§ **What to do**
Output only the lines below from the one holding "ラーメンの麺は24番手の切り" down to the one holding "Не могу оставить", both end lines included and every picture dropped.

*** Opening of Records provided ***

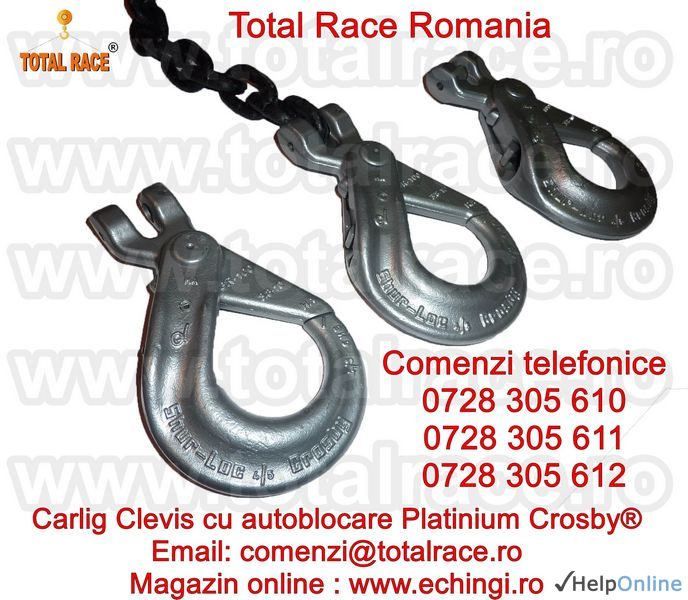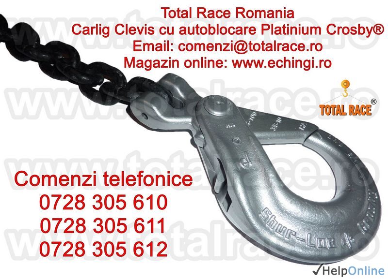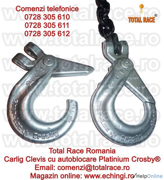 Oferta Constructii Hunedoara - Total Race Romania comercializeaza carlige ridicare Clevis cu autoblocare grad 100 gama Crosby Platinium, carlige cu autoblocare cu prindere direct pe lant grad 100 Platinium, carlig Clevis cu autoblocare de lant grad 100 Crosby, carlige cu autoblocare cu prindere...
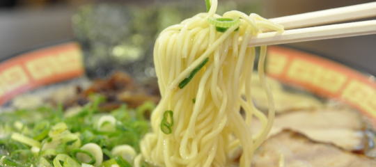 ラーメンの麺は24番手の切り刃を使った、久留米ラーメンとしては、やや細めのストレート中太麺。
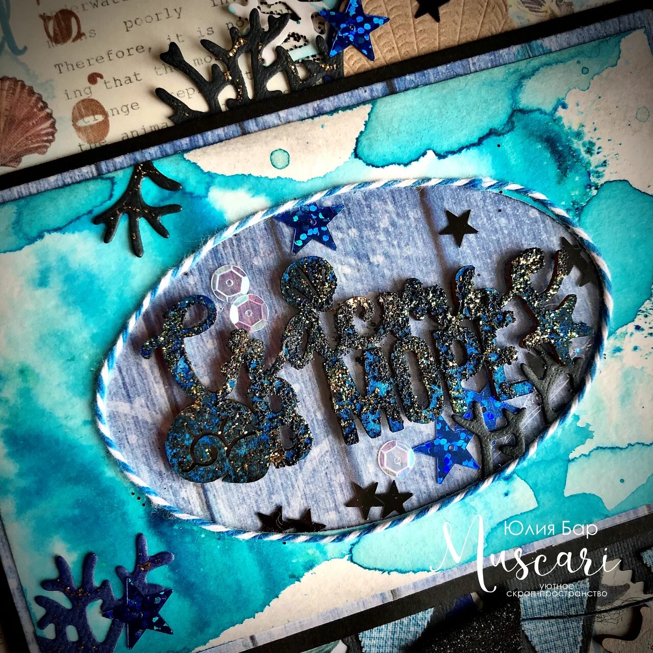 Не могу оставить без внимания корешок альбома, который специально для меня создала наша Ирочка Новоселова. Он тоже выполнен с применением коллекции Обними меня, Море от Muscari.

*** Close of Records provided ***
*** Opening of Records provided ***

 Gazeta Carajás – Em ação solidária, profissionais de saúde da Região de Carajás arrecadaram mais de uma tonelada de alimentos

*** Close of Records provided ***
*** Opening of Records provided ***

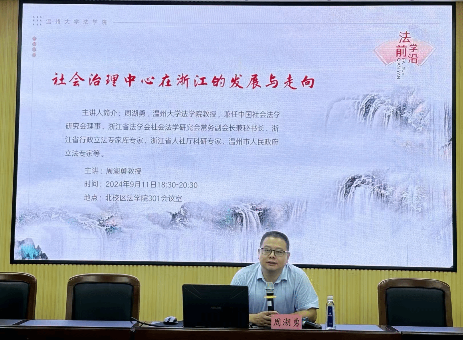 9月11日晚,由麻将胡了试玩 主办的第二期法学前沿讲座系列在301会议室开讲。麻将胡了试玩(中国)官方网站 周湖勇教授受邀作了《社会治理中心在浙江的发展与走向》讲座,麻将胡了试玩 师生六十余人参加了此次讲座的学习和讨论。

*** Close of Records provided ***

§ **Answer to this problem**
 ラーメンの麺は24番手の切り刃を使った、久留米ラーメンとしては、やや細めのストレート中太麺。
 Не могу оставить без внимания корешок альбома, который специально для меня создала наша Ирочка Новоселова. Он тоже выполнен с применением коллекции Обними меня, Море от Muscari.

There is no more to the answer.